I told him he can't do that, he needs a distribution block. He asked "Why? every wire has a fuse, so if a short happens it is protected."
He's right. Both amps have their own fuses so they are protected. The 4 awg is protected by a 60 amp fuse against shorts, and the 8 awg is protected by a 30 amp fuse against shorts.
I can't find a practical reason why he can't do this, other than its ghetto. Any ideas?
[ January 07, 2005, 09:07 AM: Message edited by: maltesechicken ]
Sounds like he 'daisy chained' the power wiring. Other than being very ghetto yes, it's not like it can't work.

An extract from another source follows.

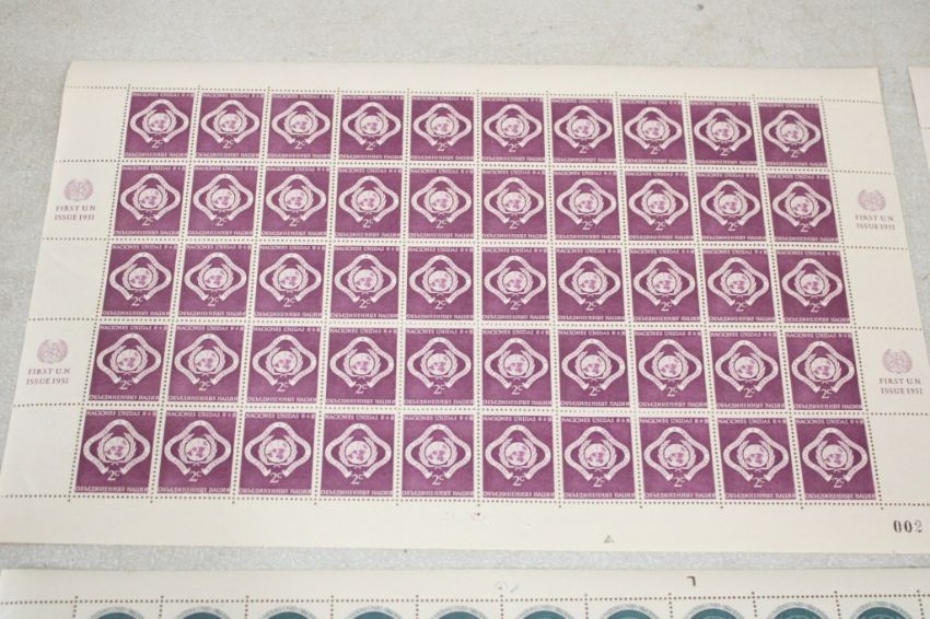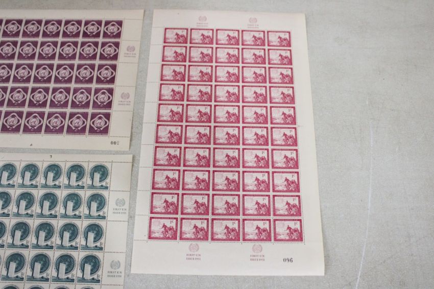 1951 First U.N. Issue Stamps - 50 One Cent, 50 One & One Half Cents and 50 Two Cent Stamps. As pictured. Please ask questions and read terms & conditions before bidding.

I guess about the only potentional problem I see is a lot of current being passed through the metal on the positive terminal of the first amp, possibly causing an opporturnity for increased resistance and/or heat buildup.
I did it on my first set up , now i use a distribution block but i ran the four gauge to my sub amp then daisied another four gauge over to my four channel , worked fine for as long as i had it , when your 16 in high school you look for ways to cut costs i guess
Alright.
Guy is not in high-school. My classmate and I are currently working on our masters so we are in our mid-20's. My guess is the guy is in his early 20's working full-time. Perhaps being in his 20's gave him the common sense/fore thought to add the 30 amp fuse.
So basically it is safe, just not cool. - the same could be said for Jensen and Legacy so I guess it all works out in the end.
Guy is not in high-school. My classmate and I are currently working on our masters so we are in our mid-20's. My guess is the guy is in his early 20's working full-time. Perhaps being in his 20's gave him the common sense/fore thought to add the 30 amp fuse.
So basically it is safe, just not cool. - the same could be said for Jensen and Legacy so I guess it all works out in the end.
LMAO, my first installs would make that look like Tim Ballie did that one. Try using coat hangers and other idiotic things, thank God my crap was all fuse protected so I had no fires.
-Tim would know, you should ask him he is the best installer I've ever seen.
-Tim would know, you should ask him he is the best installer I've ever seen.